[Stored items from a collection]
Content starts
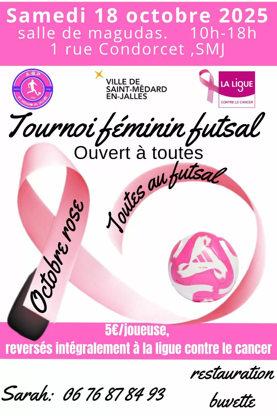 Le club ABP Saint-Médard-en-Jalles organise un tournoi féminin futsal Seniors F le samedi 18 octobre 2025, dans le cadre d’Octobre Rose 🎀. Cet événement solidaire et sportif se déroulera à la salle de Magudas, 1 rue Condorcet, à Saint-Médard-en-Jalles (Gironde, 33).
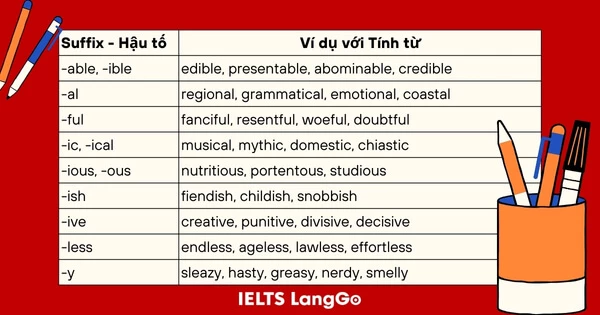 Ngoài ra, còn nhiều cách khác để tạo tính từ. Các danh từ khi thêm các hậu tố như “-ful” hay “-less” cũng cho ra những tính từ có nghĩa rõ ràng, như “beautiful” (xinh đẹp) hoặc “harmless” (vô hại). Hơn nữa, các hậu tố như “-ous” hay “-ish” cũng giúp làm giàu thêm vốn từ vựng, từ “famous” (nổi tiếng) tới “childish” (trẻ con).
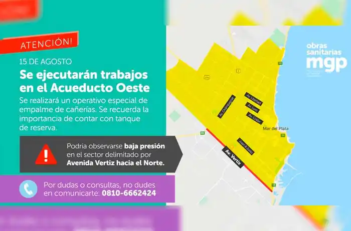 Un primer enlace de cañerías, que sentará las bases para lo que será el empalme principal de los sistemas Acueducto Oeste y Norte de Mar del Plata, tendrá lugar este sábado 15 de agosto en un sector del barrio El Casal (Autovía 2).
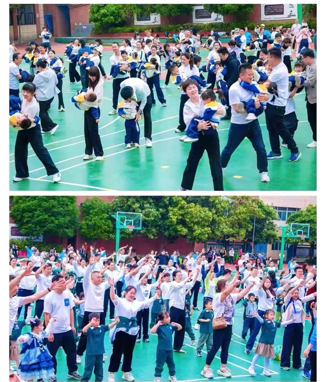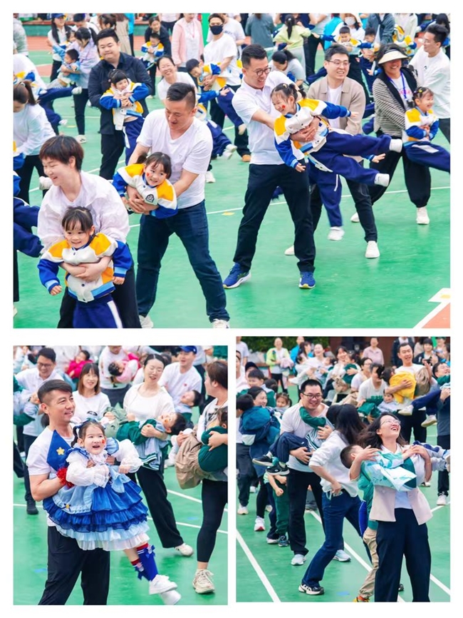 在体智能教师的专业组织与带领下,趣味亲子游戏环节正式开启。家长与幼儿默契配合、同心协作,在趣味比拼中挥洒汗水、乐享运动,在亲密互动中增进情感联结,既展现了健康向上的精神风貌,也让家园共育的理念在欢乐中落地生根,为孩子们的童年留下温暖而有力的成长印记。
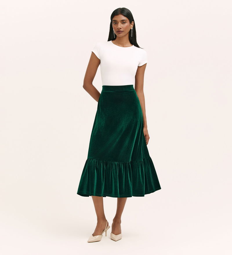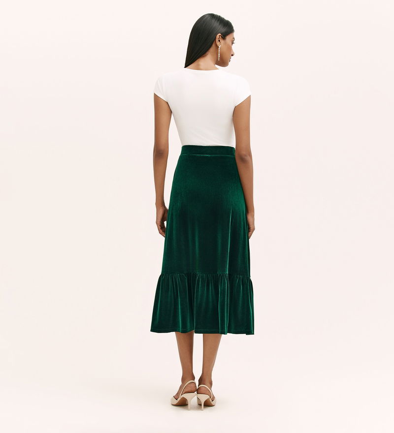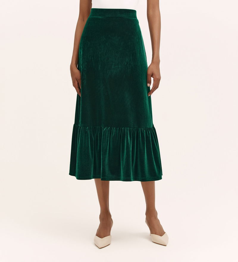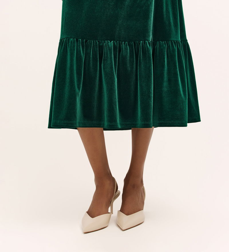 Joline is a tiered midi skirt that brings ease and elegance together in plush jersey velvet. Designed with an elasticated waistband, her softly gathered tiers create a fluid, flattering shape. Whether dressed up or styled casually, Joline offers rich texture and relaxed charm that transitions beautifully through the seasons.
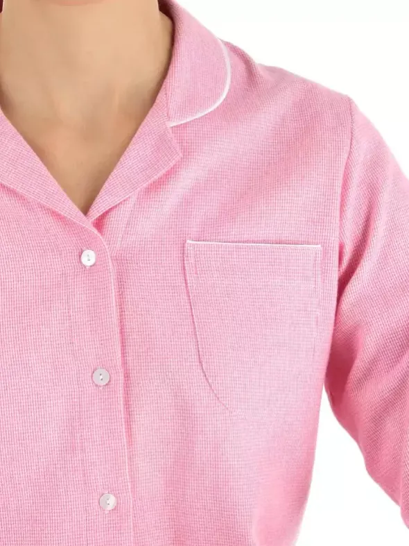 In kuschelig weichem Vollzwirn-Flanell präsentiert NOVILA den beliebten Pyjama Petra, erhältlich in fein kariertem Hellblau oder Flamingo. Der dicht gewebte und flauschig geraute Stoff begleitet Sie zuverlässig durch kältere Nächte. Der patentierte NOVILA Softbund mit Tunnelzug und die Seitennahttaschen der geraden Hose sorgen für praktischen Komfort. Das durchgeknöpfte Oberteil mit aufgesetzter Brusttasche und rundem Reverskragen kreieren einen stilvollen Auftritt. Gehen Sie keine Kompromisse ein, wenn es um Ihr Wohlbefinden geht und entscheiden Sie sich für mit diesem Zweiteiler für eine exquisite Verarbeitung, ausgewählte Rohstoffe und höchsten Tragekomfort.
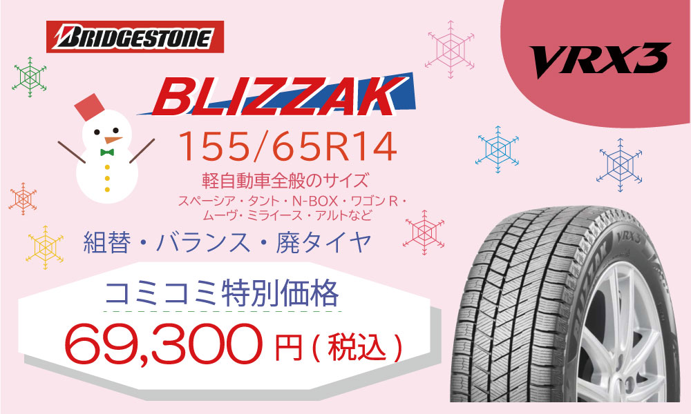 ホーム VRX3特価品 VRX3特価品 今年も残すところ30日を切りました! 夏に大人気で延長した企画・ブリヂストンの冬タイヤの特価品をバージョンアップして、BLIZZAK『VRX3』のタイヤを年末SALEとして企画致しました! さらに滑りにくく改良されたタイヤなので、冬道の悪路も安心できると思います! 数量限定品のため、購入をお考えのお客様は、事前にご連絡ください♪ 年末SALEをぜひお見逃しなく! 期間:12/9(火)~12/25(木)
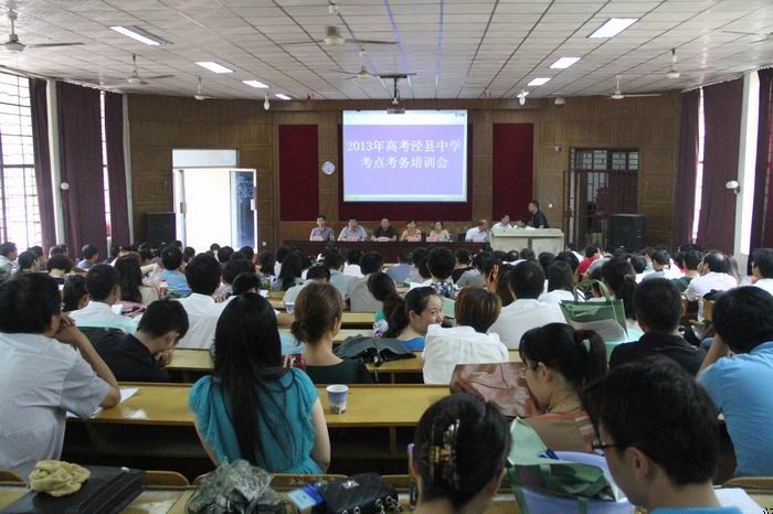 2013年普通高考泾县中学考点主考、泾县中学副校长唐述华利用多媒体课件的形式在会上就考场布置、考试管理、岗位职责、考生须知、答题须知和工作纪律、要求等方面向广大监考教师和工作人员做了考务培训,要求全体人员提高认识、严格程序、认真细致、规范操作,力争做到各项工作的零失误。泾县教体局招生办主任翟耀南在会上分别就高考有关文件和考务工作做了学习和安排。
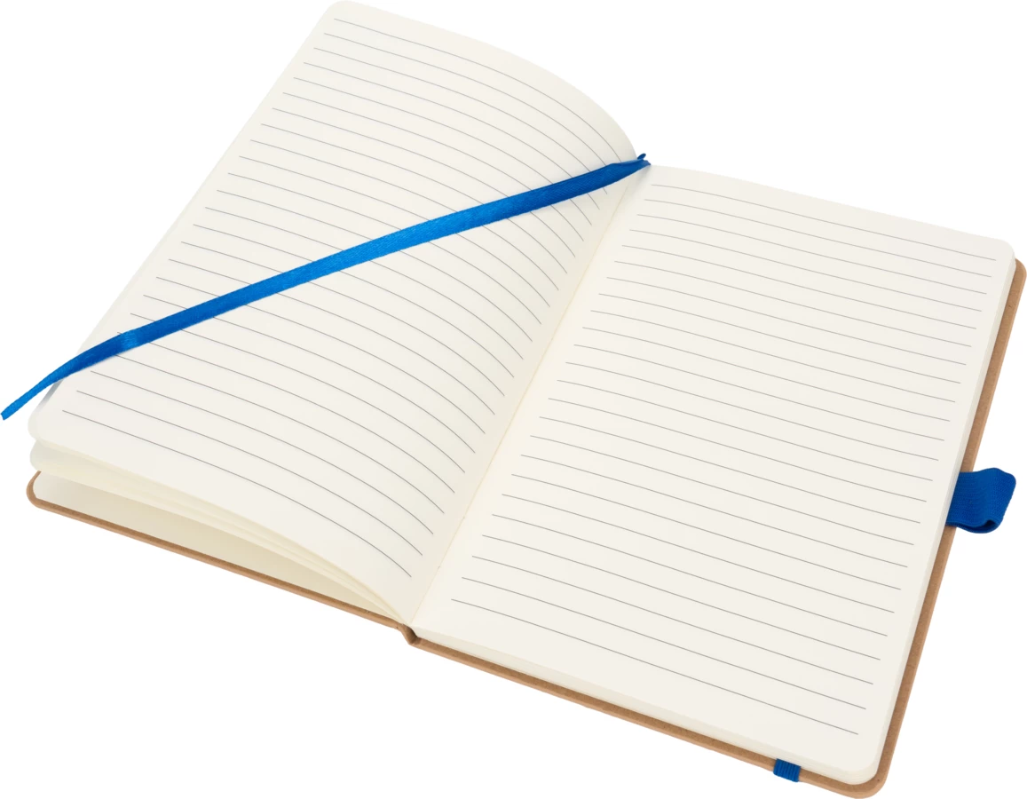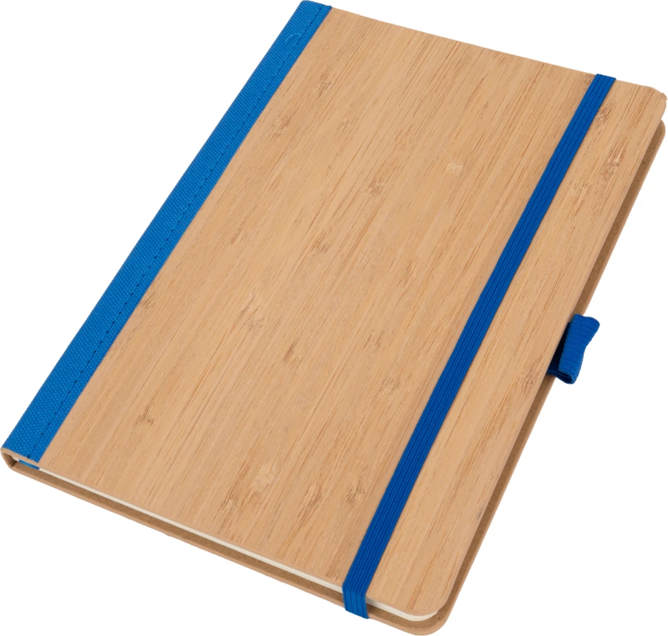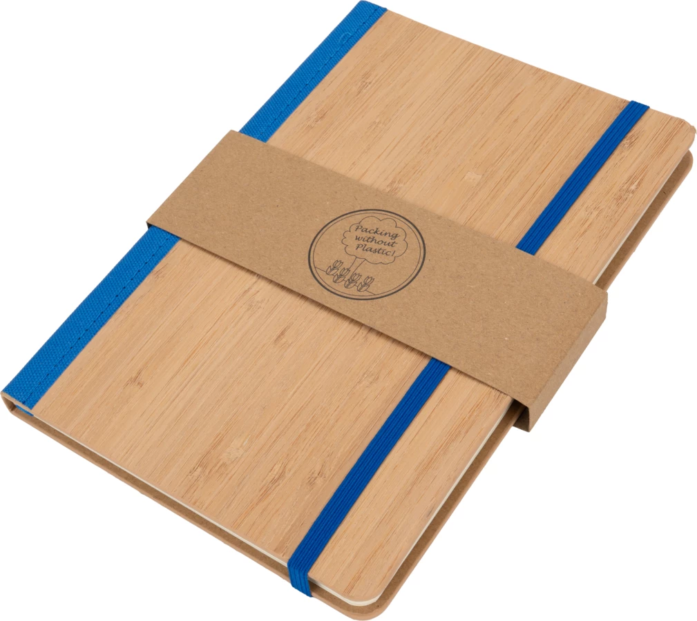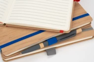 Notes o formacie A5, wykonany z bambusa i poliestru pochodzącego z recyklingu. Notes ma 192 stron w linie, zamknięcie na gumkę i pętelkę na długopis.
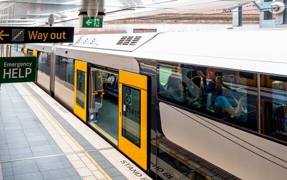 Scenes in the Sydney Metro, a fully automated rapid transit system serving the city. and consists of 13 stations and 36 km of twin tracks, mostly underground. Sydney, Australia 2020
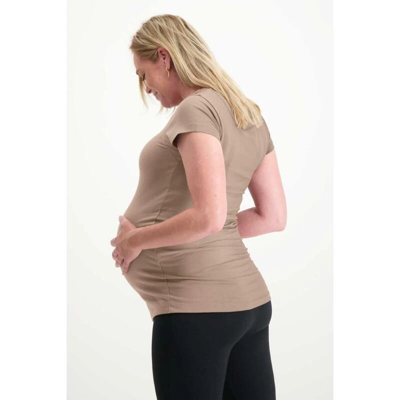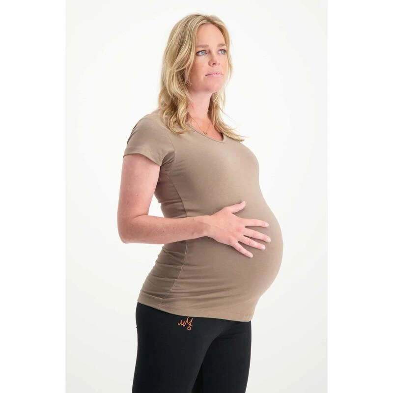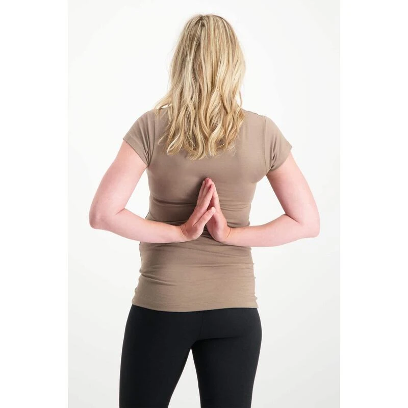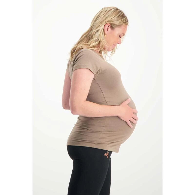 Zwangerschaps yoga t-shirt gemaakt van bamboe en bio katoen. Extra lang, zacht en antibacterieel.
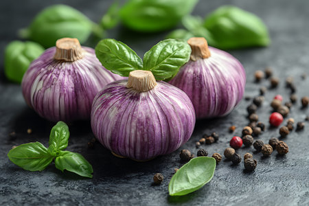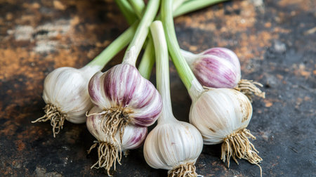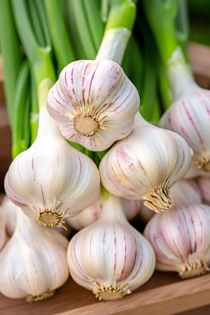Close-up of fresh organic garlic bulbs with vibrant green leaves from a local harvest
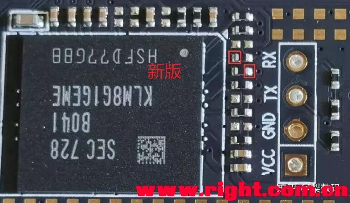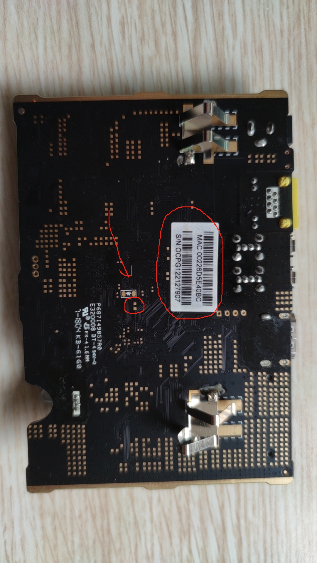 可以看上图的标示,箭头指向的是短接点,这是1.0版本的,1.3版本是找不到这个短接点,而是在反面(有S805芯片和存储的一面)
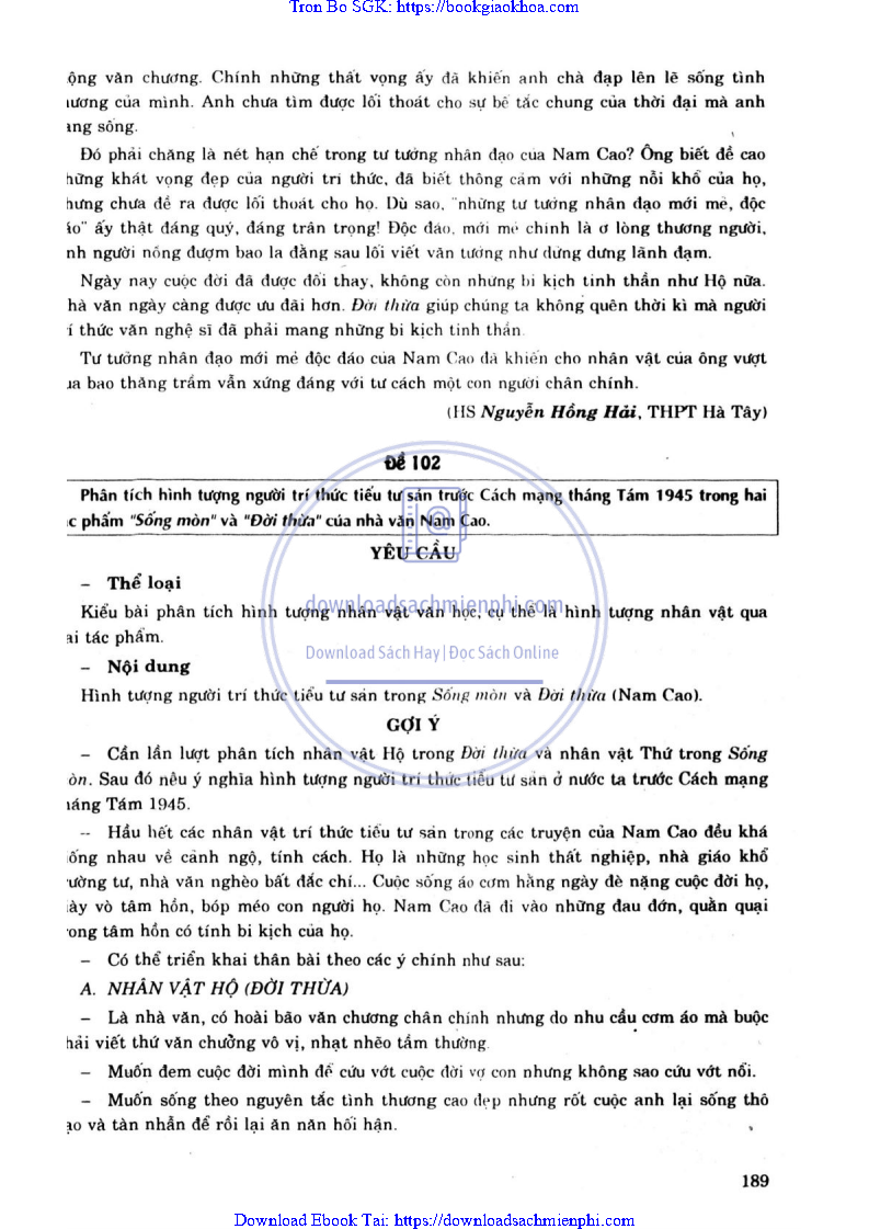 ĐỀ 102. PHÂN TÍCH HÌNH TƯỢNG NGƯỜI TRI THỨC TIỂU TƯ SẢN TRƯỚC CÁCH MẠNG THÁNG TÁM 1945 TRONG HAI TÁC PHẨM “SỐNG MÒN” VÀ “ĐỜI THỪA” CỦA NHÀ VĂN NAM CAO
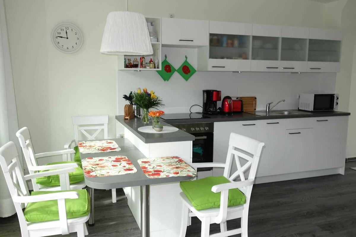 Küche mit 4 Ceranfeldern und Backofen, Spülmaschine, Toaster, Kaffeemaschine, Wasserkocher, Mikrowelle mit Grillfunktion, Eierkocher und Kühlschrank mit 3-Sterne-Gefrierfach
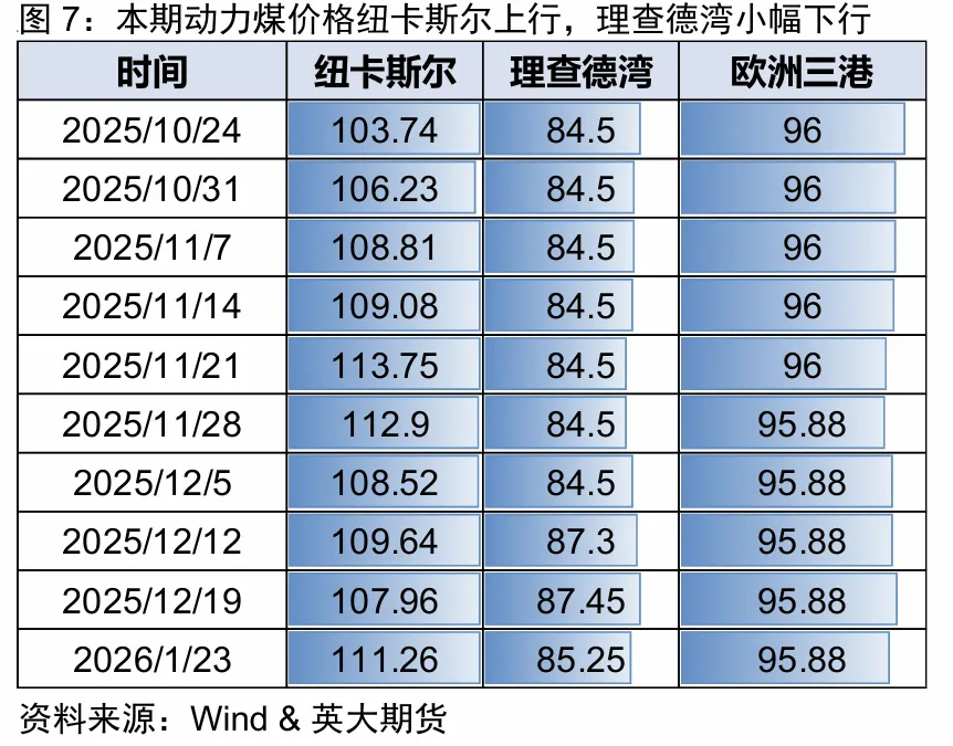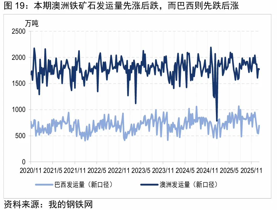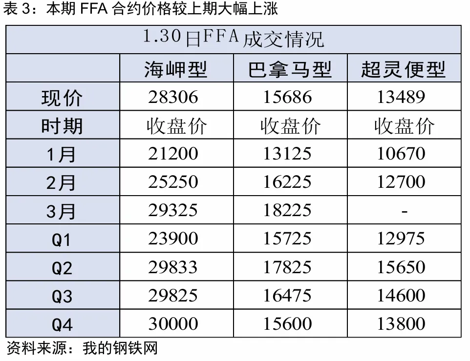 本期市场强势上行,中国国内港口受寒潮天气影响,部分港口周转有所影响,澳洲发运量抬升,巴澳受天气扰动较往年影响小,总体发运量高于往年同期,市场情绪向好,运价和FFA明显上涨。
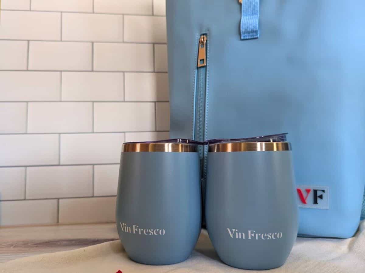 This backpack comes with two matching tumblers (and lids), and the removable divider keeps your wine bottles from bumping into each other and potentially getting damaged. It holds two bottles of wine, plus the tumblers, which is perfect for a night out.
Content ends
The copy should hold exactly the lines above from the one with "Joline is a" through the one with "ホーム VRX3特価品 VRX3特価品", both ends counted, and no pictures at all.

- Response to this exercise -
 Joline is a tiered midi skirt that brings ease and elegance together in plush jersey velvet. Designed with an elasticated waistband, her softly gathered tiers create a fluid, flattering shape. Whether dressed up or styled casually, Joline offers rich texture and relaxed charm that transitions beautifully through the seasons.
 In kuschelig weichem Vollzwirn-Flanell präsentiert NOVILA den beliebten Pyjama Petra, erhältlich in fein kariertem Hellblau oder Flamingo. Der dicht gewebte und flauschig geraute Stoff begleitet Sie zuverlässig durch kältere Nächte. Der patentierte NOVILA Softbund mit Tunnelzug und die Seitennahttaschen der geraden Hose sorgen für praktischen Komfort. Das durchgeknöpfte Oberteil mit aufgesetzter Brusttasche und rundem Reverskragen kreieren einen stilvollen Auftritt. Gehen Sie keine Kompromisse ein, wenn es um Ihr Wohlbefinden geht und entscheiden Sie sich für mit diesem Zweiteiler für eine exquisite Verarbeitung, ausgewählte Rohstoffe und höchsten Tragekomfort.
 ホーム VRX3特価品 VRX3特価品 今年も残すところ30日を切りました! 夏に大人気で延長した企画・ブリヂストンの冬タイヤの特価品をバージョンアップして、BLIZZAK『VRX3』のタイヤを年末SALEとして企画致しました! さらに滑りにくく改良されたタイヤなので、冬道の悪路も安心できると思います! 数量限定品のため、購入をお考えのお客様は、事前にご連絡ください♪ 年末SALEをぜひお見逃しなく! 期間:12/9(火)~12/25(木)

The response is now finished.